Newseum
Environmental Graphics
Branding
Location
Washington, DC
Client
Ennead Architects
Publications and Recognitions
Archigraphia Redux (Graphis)
Global Corporate Identity
(Harper Collins)
Graphic Design + Architecture:
A 20th-Century History
(Rockport Publishers)
Graphis
The Language of Graphic Design (Rockport Publishers)
Novum World of Graphic Design (Germany)
This Way Please (Sandu)
An overall environmental graphics and wayfinding sign program was designed to link the various areas of the museum and headquarters facility. Due to the project’s scale, as well as the diversity and mixed-use characteristics of each of its public areas, the challenge was to maintain a cohesive public information program throughout the building while emphasizing the political and historical goals of the foundation.

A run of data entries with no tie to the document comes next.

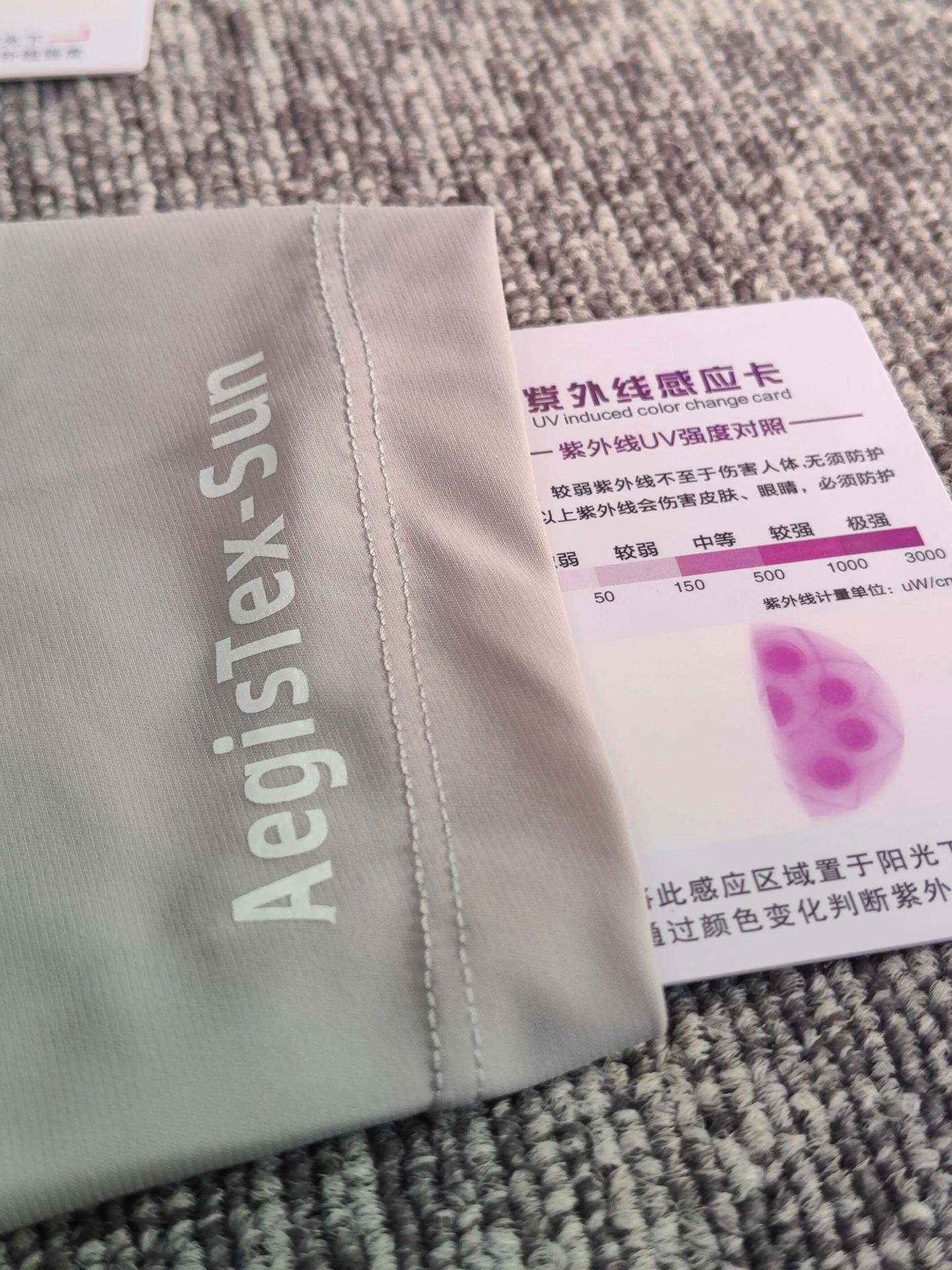 结果非常理想,露在外面的半张卡已经紫得发黑,而被衣服盖住的部分一点变色的痕迹都没有。这就是它家自研 AegisTex 平衡防护面料的实力,用的是仿生复合原纱,把防晒因子直接织进纤维分子里,菱形交织的盾形织法,就像给面料织了无数个微型遮阳伞,全波段紫外线都能牢牢挡住,连布料缝隙都做了加密处理,紫外线根本无处可入侵。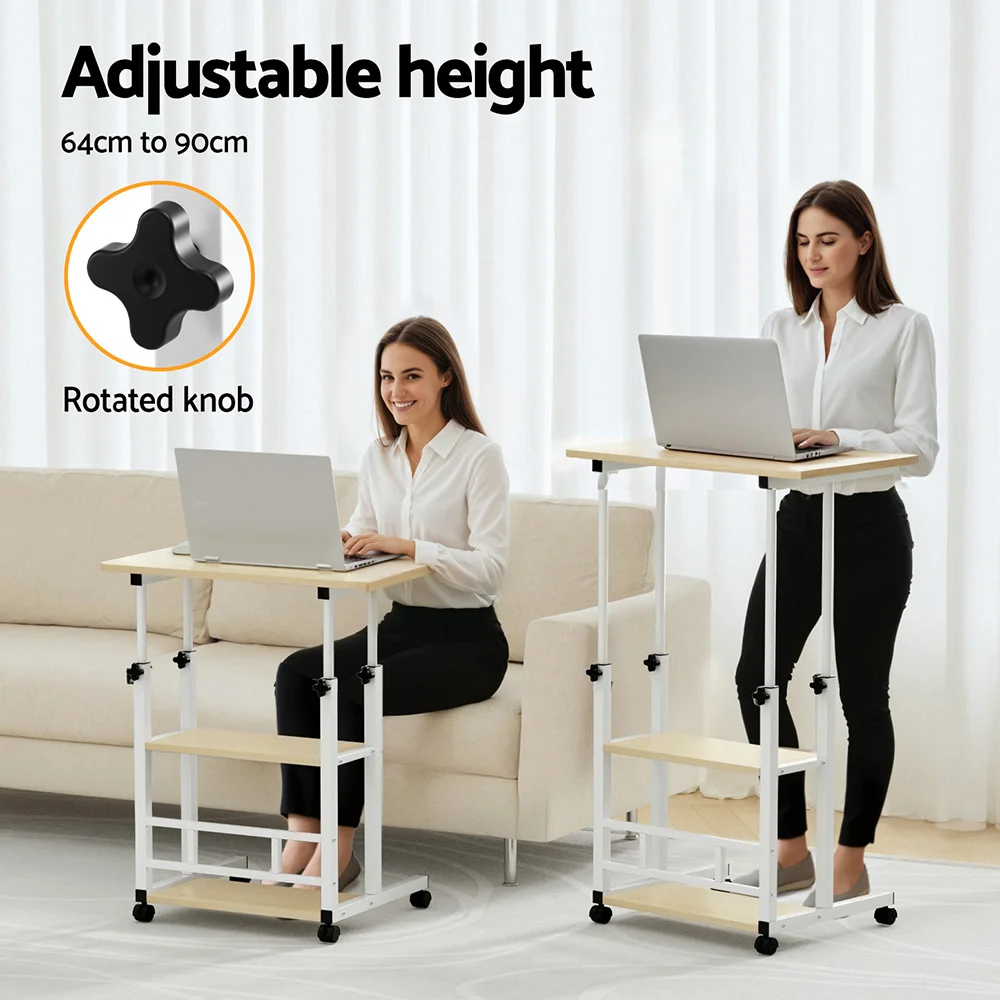 Artiss Adjustable Mobile Laptop Desk – 60CM, Steel Frame, Dual-Knob Height, 2-Tier Storage, Lockable Wheels, Oak/White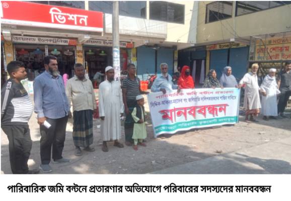 সাতক্ষীরা সদর উপজেলার ফিংড়ী ইউনিয়নের জোড়দিয়ায় পারিবারিক জমি বন্টনে প্রতারণার অভিযোগে বঞ্চিত পরিবারের সদস্যরা মানববন্ধন করেছেন। শুক্রবার (২৮ নভেম্বর) বুধহাটা করিম সুপার মার্কেট রাস্তায় অনুষ্ঠিত মানববন্ধনে স্থানীয়রা অংশ নেন।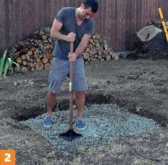 Hagesingel fylles i hullet. Jevn først underlaget så godt du kan, og fordel et drøyt 10 cm tykt lag singel. Singelen skal også stampes, så den blir så kompakt som mulig.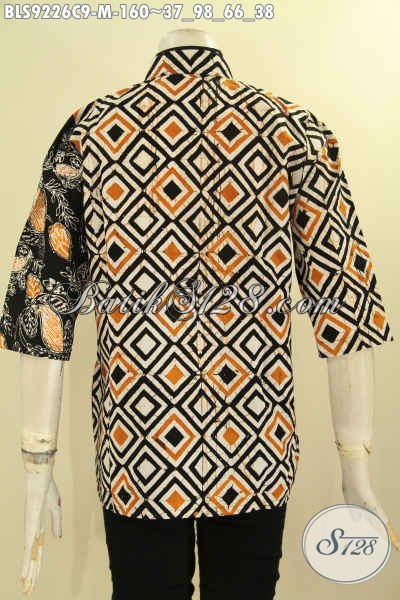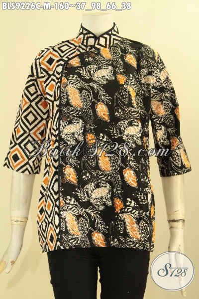 Batik Blouse Wanita Muda Desain Terbaru Dengan Kerah Shanghai Lengan 3/4 Motif Kekinian, Baju Batik Kerja Kombinasi Plesir Polos Pakai Kancing Depan Hanya 100 Ribuan [BLS9226C-M]
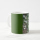 Uma lama clássica de 11oz, com uma bela imagem de marmãs brancas assustadoras, com um fundo verde escuro.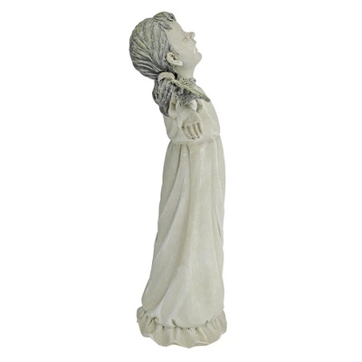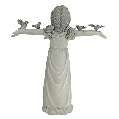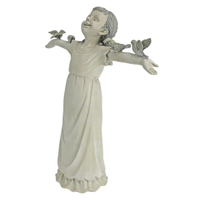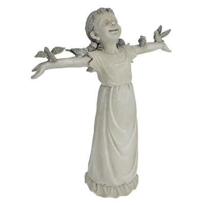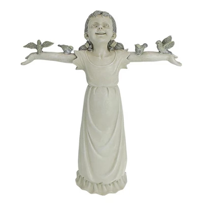 Delight in the joy of pure praise with this darling little girl statue raising her arms full of feathered friends! This magnificent girl sculpture is cast in quality designer resin and hand-painted. Our little girl figurine is as at home indoors as our, alerting fellow gardeners that you take the beauty of the exterior of your home as seriously as the interior. Medium: 14½”Wx5″Dx16″H. 4 lbs.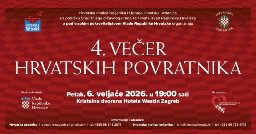 Udruga Hrvatska uzdanica i Hrvatska matica iseljenika, uz podršku Središnjeg državnog ureda za Hrvate izvan Republike Hrvatske, organiziraju 4. Večer hrvatskih povratnika.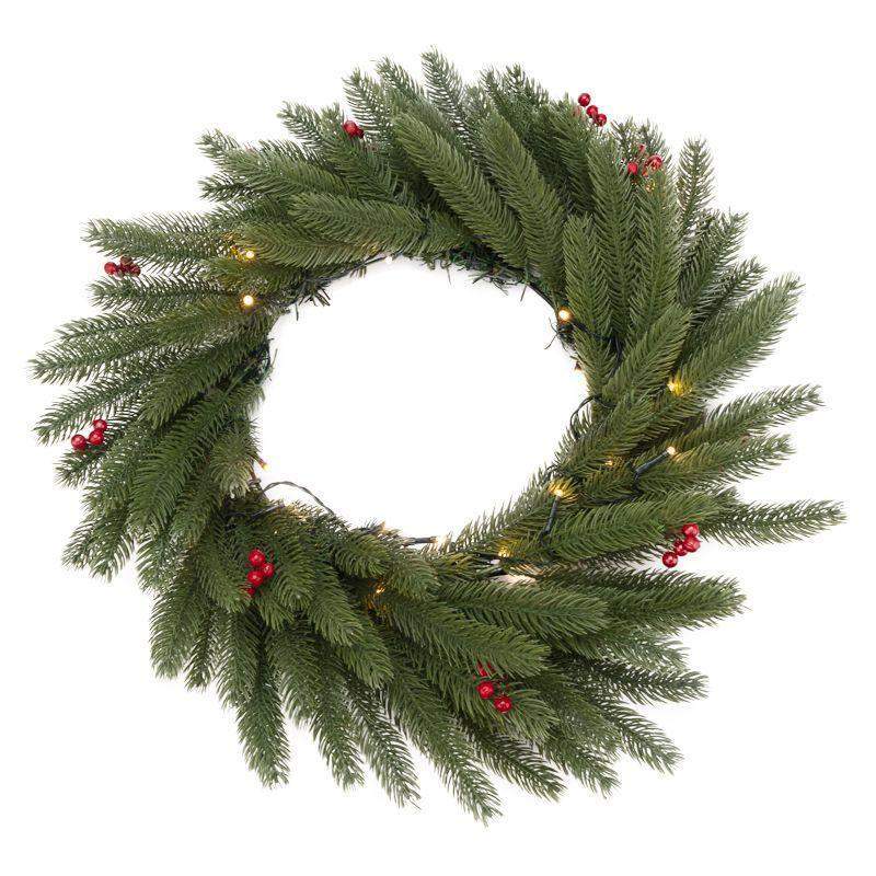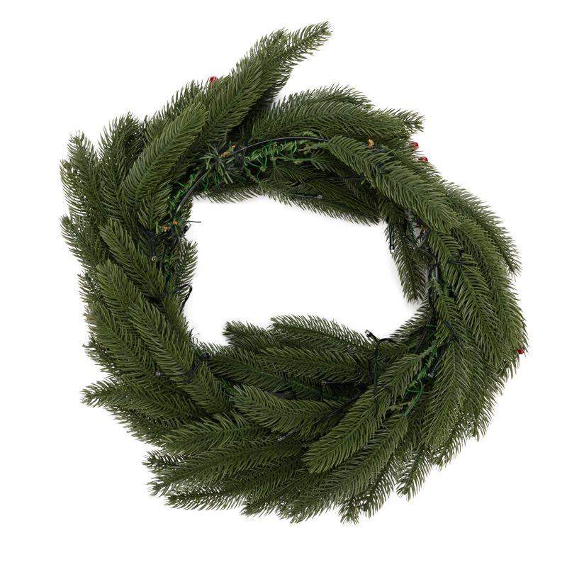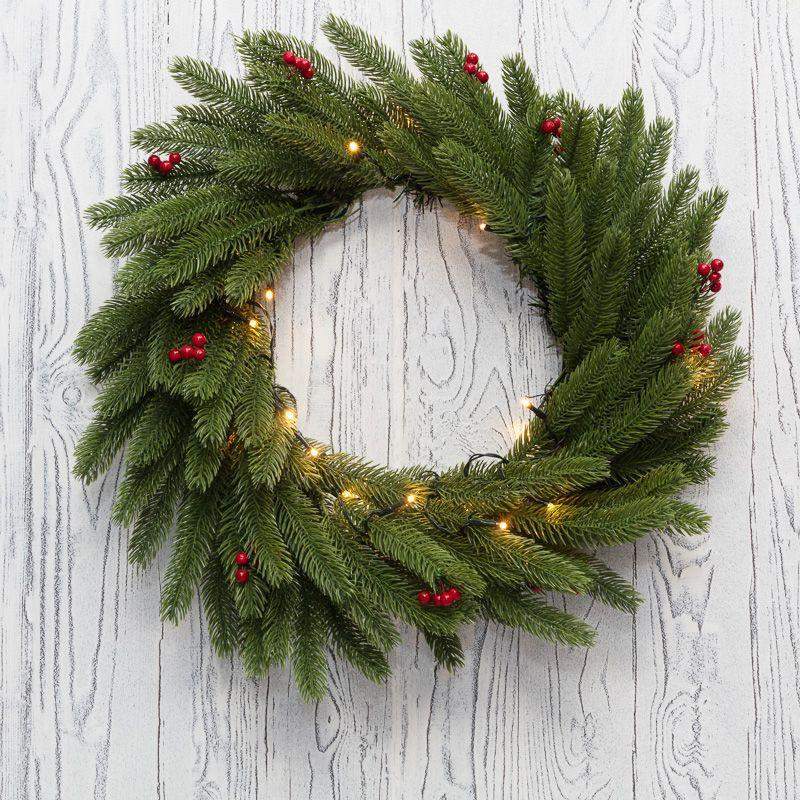Венок еловый с ягодами и гирляндой d45см 20LED тепл. бел. 0.1Вт IP20 литой элементы питания 2хAA Neon-Night 307-150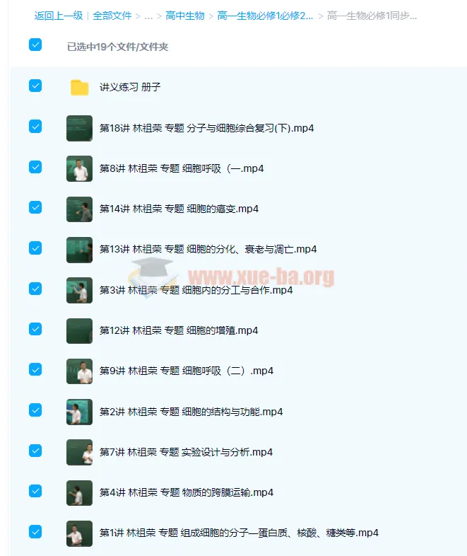 高一生物必修1同步课程不加密 林祖荣18讲3.08GB
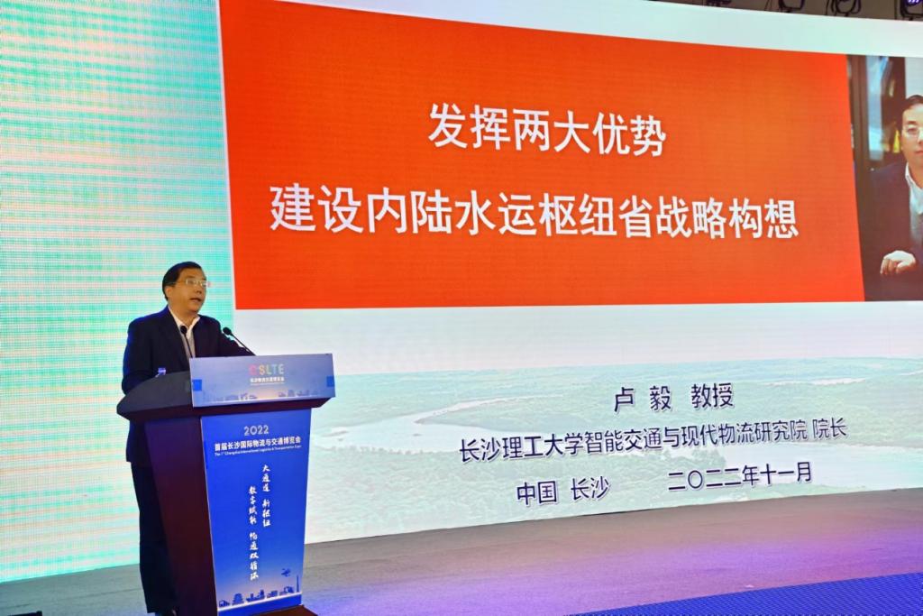 11月18日,由中国交通运输协会、长沙市人民政府主办的2022首届长沙国际物流与交通博览会(以下简称:博览会)于长沙国际会展中心隆重开幕。同期举行了博览会暨长沙国际现代物流与智慧交通高峰论坛开幕式。参加开幕式活动的领导嘉宾有:交通运输部运输服务司原司长、中国交通运输协会副会长兼秘书长李刚,湖南省交通运输厅一级巡视员张汉华,湖南钢铁集团有限公司总经理李建宇以及其它地市和企业代表。太阳成集团tyc122cc入口交通智能与现代物流研究院院长卢毅教授出席论坛开幕式并发表主旨演讲。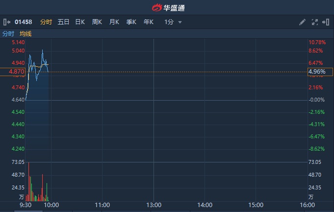 周黑鸭涨5.17%,报4.88港元,成交额2345.04万港元。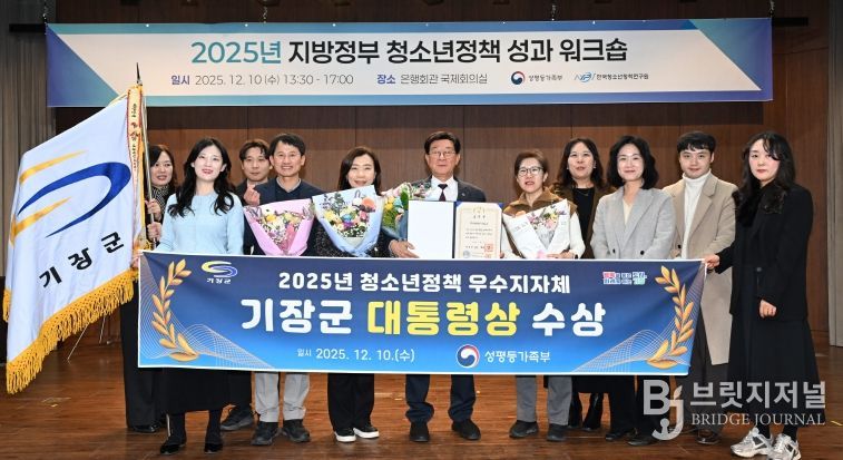 브릿지저널 윤나영 기자 | 기장군은 10일 서울 중구 은행회관에서 열린 성평등가족부 주관‘2025년 청소년정책 우수지자체 정부포상’에서 우수 지자체로 선정돼 ‘대통령 표창’을 수상했다고 밝혔다.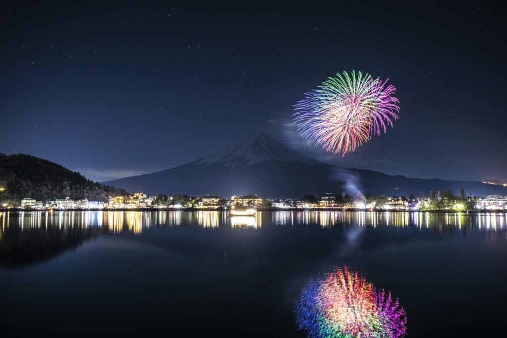 静かな湖面に花火の光が映り込み、「逆さ花火」として幻想的な世界を創り出します。水面と夜空、両方で花火の輝きを体験できるのは、河口湖ならではの魅力です。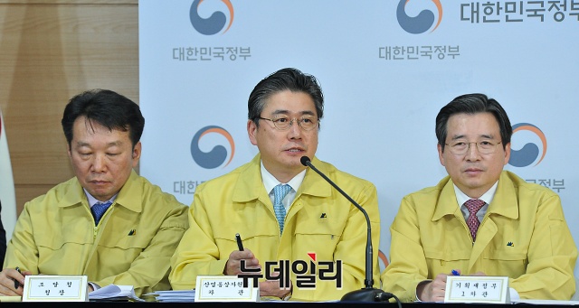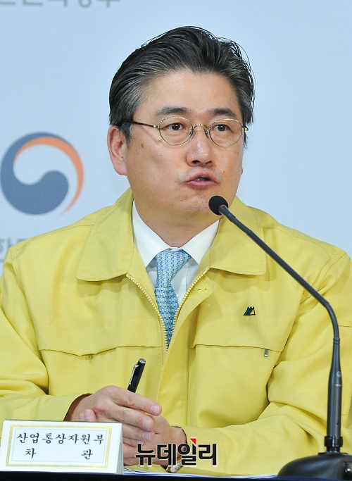 정승일 산업통상자원부 차관(가운데)이 5일 오후 서울 종로구 정부서울청사에서 열린 마스크 수급 안정화 대책 합동 브리핑에서 취재진의 질문에 답하고 있다.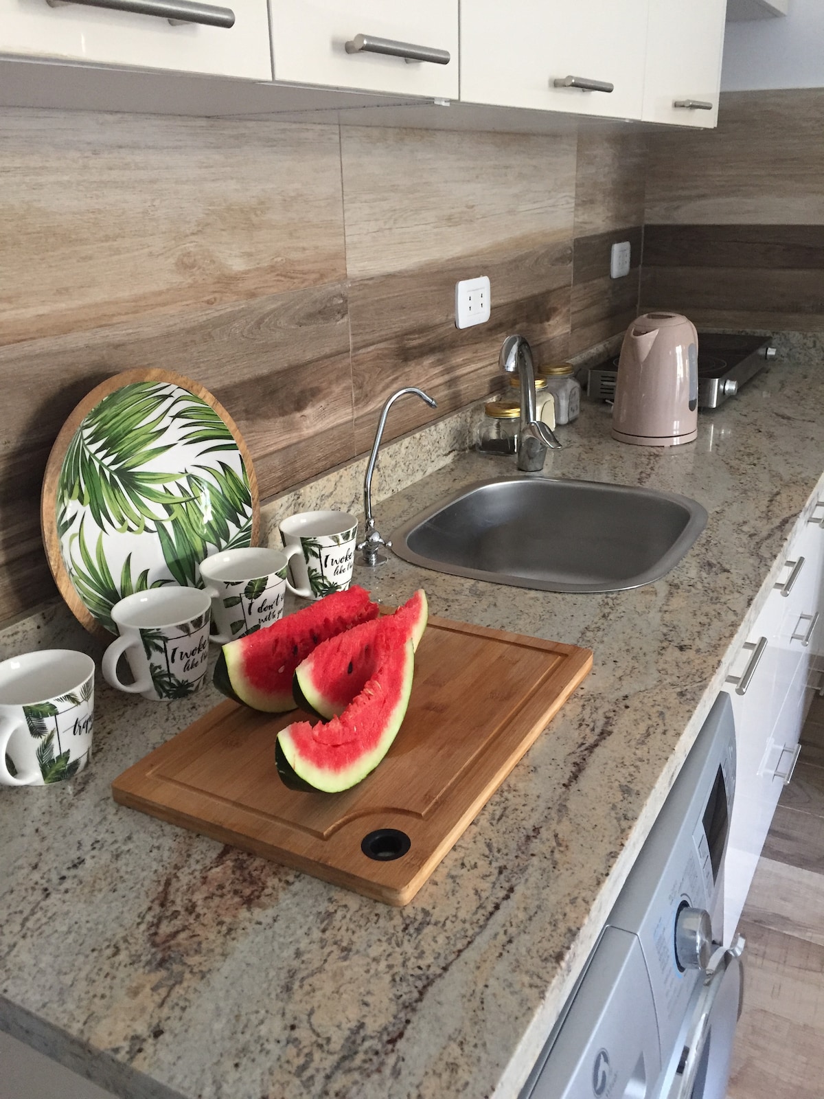 This newly renovated and stylish studio is in the heart of El Gouna Maria/Ocean View Apartments. This apartment is on a high floor and boasts stunning mountain views. Centrally located in the heart of everything! Restaurants, Banks, Bars, Clubs, Shopping, Supermarkets, and much more are just steps away. Elevator in building, no need to worry about carrying your luggage up and down stairs. King bed, fully equipped kitchen, lots of closet space 55'' Smart TV, Netflix, WIFI, Triple Play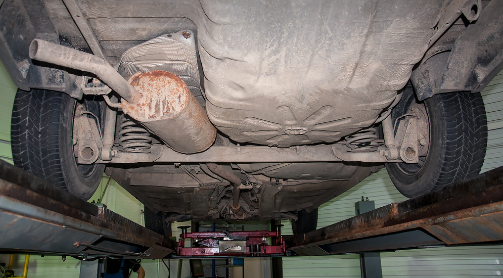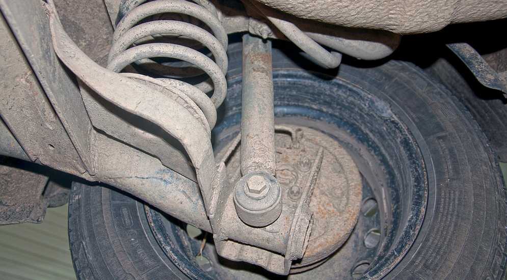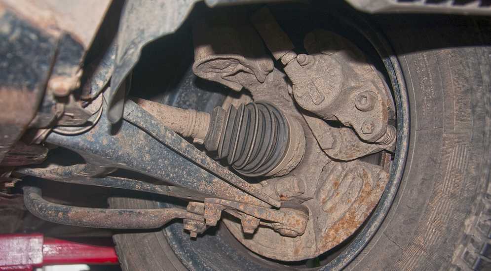 - Сторона, где проводится замена — подвешивается с помощью домкрата, предварительно сорвав болты крепления колеса.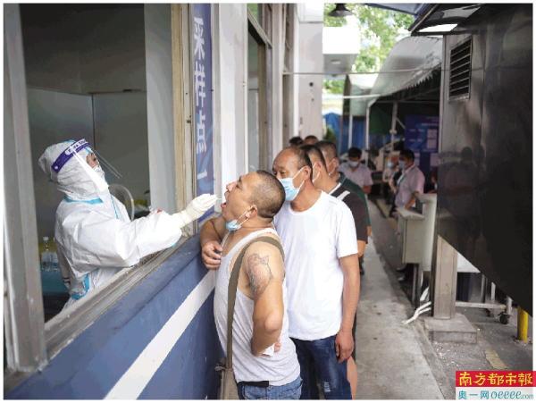 外省货车司机排队进行核酸采样。离穗需出示核酸检测阴性证明的政策施行后,卫健、公安等部门联合松洲街踩点勘察,与经营方协调,半天时间在江南市场内设置了外省货运司机核酸检测点,24小时内可出报告。核酸检测点派驻6—10名医护及工作人员,每日可检测约1000人次,已累计检测一万人次以上。

The building’s main façade is a glass curtain wall punctuated by a 74-foot-high plane of sandblasted limestone engraved with the 45 words of the First Amendment. This treatment accentuates the large-scale typography as a bas-relief and permanently displays the First Amendment as a timeless element set in a modern context. Wall murals located in ‘The Food Section,’ the museum’s international café, depict bold, colorful, large-scale images of food such as fruits, vegetables, grains, and the like. As the visitor approaches an image, a calculated optical illusion reveals typography, consisting of thousands of small-scale words containing ingredients and fares from around the world. The wayfinding sign program also relies upon color, texture, and pattern to define specific Museum levels and exhibition spaces. A pattern identification system was developed, coding each floor with its own well-defined identity. Patterns are based on news transmission devices such as audio waves, newsprint halftone dots, and video pixels.